What is required: Print each entry word for word without images.

(Material supplied Opens)

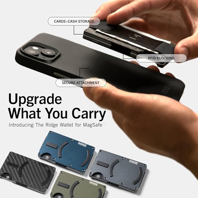 - THE RIDGE WALLET FOR MAGSAFE: Experience innovation and convenience with our one piece wallet, now MagSafe-compatible. It attaches perfectly to your iPhone, turning our best-selling pocket wallet into a sleek, secure must-have blending style, function, and cutting-edge tech in one smart design.
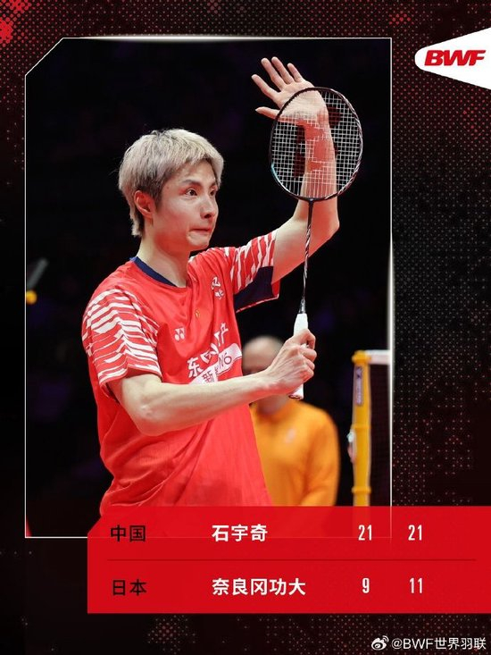 石宇奇2比0战胜奈良冈功大,比分21-9、21-11。以三战全胜、小组第一的战绩晋级半决赛。
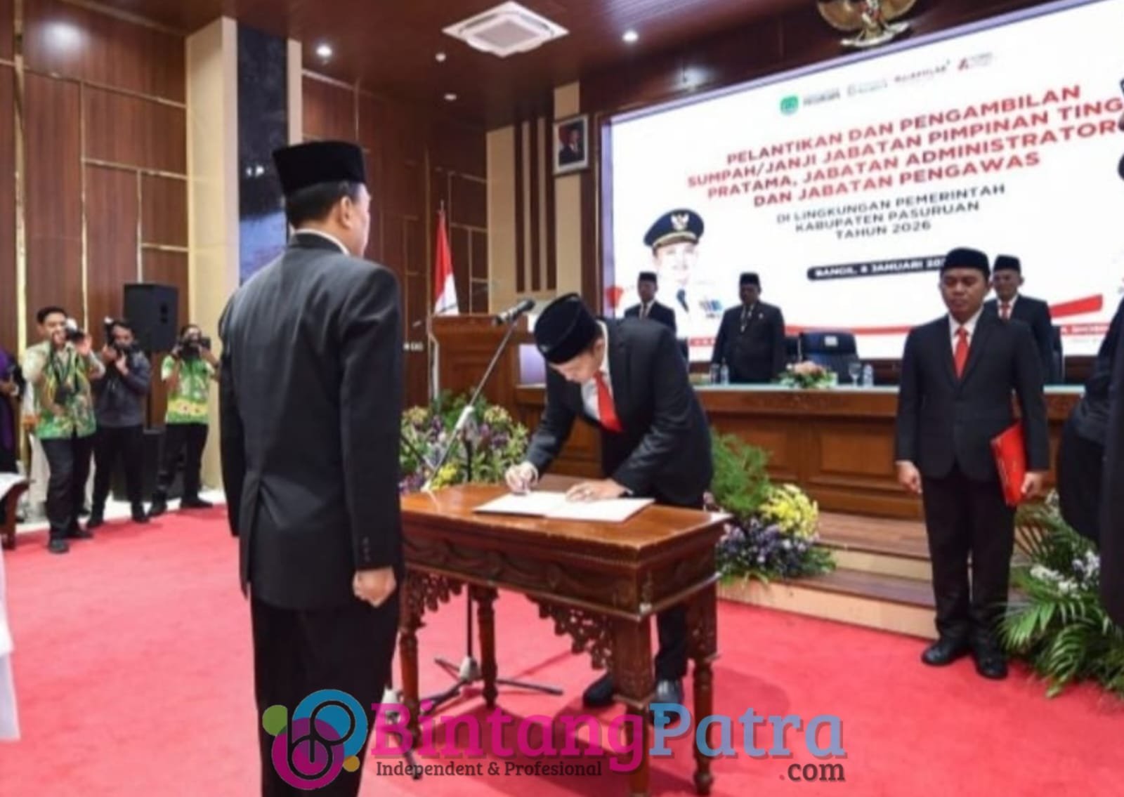 Pasuruan – BintangPatra.com – Bupati Pasuruan Rusdi Sutejo melantik 297 pejabat di lingkungan Pemerintah Kabupaten Pasuruan. Pelantikan digelar di Auditorium Mpu Sindok, Kompleks Kantor Bupati Pasuruan, Kamis (8/1/2026) siang.
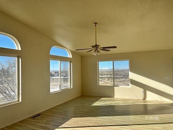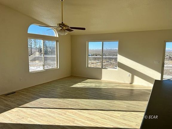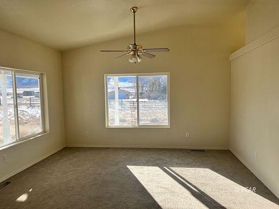 Wrap around covered front patio takes in the great views of the Ruby Mountains. Enter into open floorplan with formal sitting room and office/den separated by built in gas fireplace and open kitchen with arched window and vaulted ceilings. Three bedrooms down the hall with master bedroom large jetted tub and separate shower. Roof mounted evaporative cooler ducted to main areas of the house. Attached 3 car garage with separate metal garage detached. owner agent
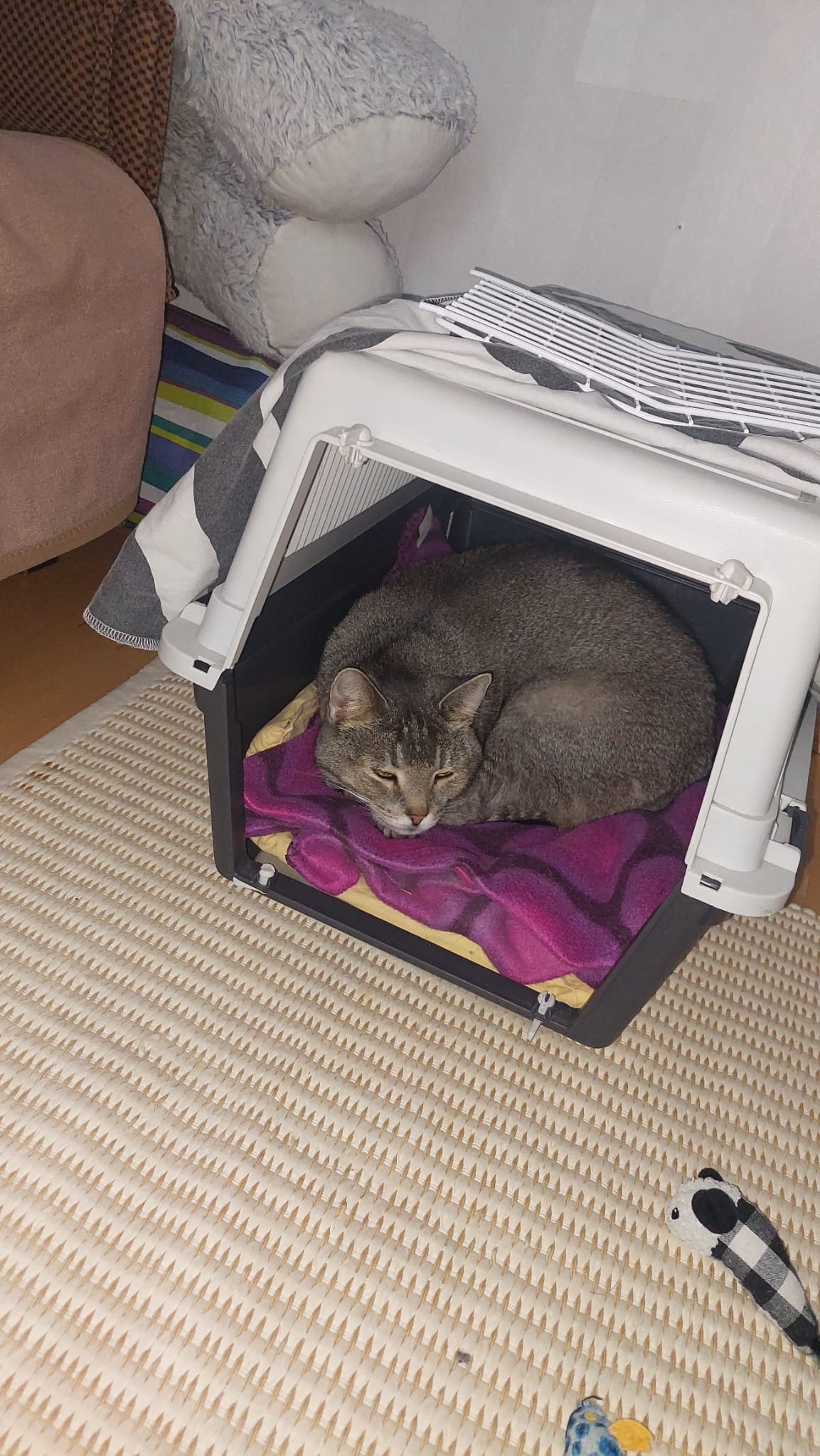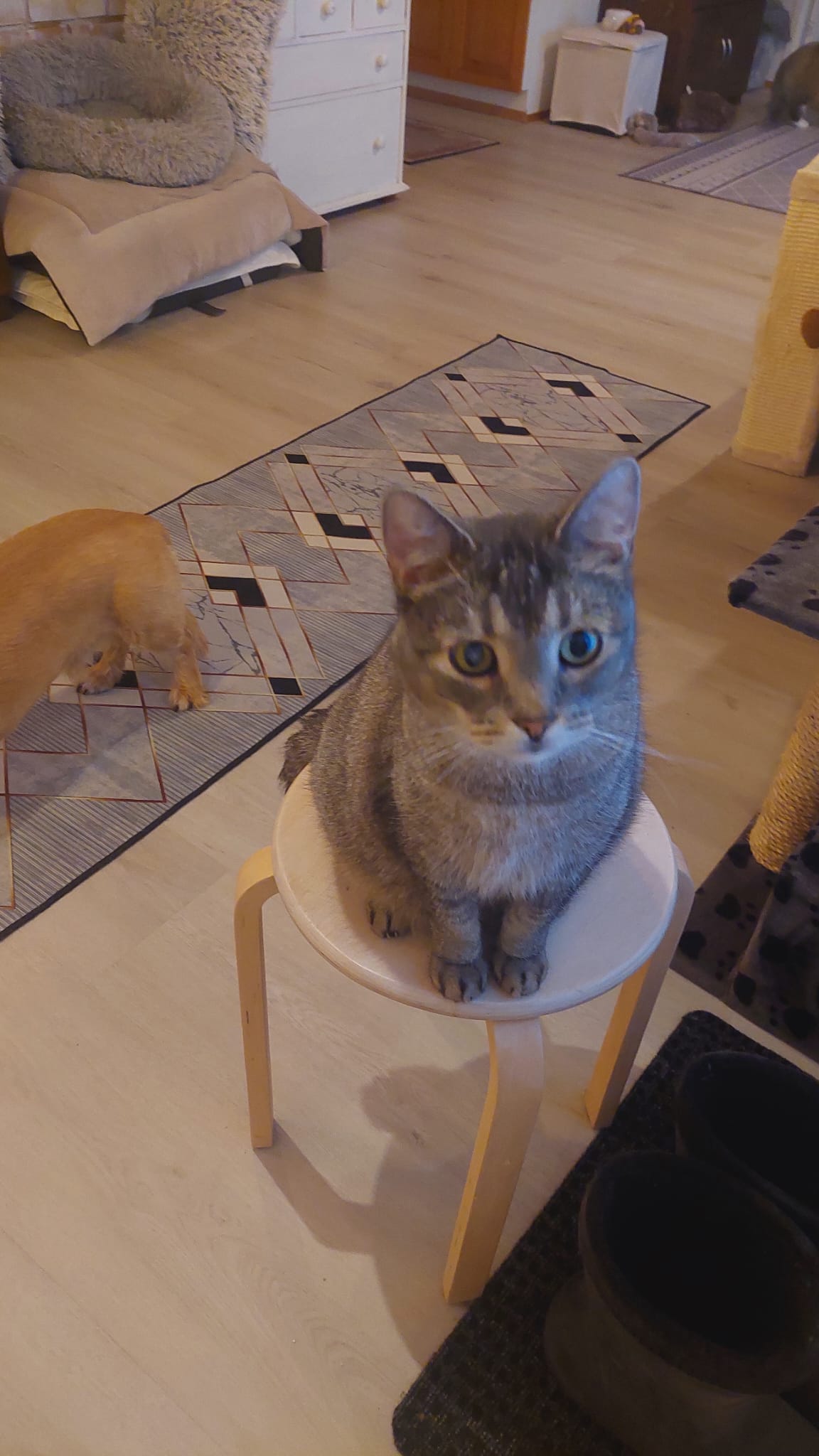 Sitä ennen Risto tykkäsi olla autossa, rakasti eläinlääkäriä ja oli muutenkin mitään pelkäämätön kaveri. Mutta niin useat ikävät käynnit aiheutti Ristolle stressiä. Risto antaa tehdä kaikki toimenpiteet kiltisti, mutta selkeästi nykyään stressaa kopassa oloa.

(Material supplied Closes)

Answer for the task:
 - THE RIDGE WALLET FOR MAGSAFE: Experience innovation and convenience with our one piece wallet, now MagSafe-compatible. It attaches perfectly to your iPhone, turning our best-selling pocket wallet into a sleek, secure must-have blending style, function, and cutting-edge tech in one smart design.
 石宇奇2比0战胜奈良冈功大,比分21-9、21-11。以三战全胜、小组第一的战绩晋级半决赛。
 Pasuruan – BintangPatra.com – Bupati Pasuruan Rusdi Sutejo melantik 297 pejabat di lingkungan Pemerintah Kabupaten Pasuruan. Pelantikan digelar di Auditorium Mpu Sindok, Kompleks Kantor Bupati Pasuruan, Kamis (8/1/2026) siang.
 Wrap around covered front patio takes in the great views of the Ruby Mountains. Enter into open floorplan with formal sitting room and office/den separated by built in gas fireplace and open kitchen with arched window and vaulted ceilings. Three bedrooms down the hall with master bedroom large jetted tub and separate shower. Roof mounted evaporative cooler ducted to main areas of the house. Attached 3 car garage with separate metal garage detached. owner agent
 Sitä ennen Risto tykkäsi olla autossa, rakasti eläinlääkäriä ja oli muutenkin mitään pelkäämätön kaveri. Mutta niin useat ikävät käynnit aiheutti Ristolle stressiä. Risto antaa tehdä kaikki toimenpiteet kiltisti, mutta selkeästi nykyään stressaa kopassa oloa.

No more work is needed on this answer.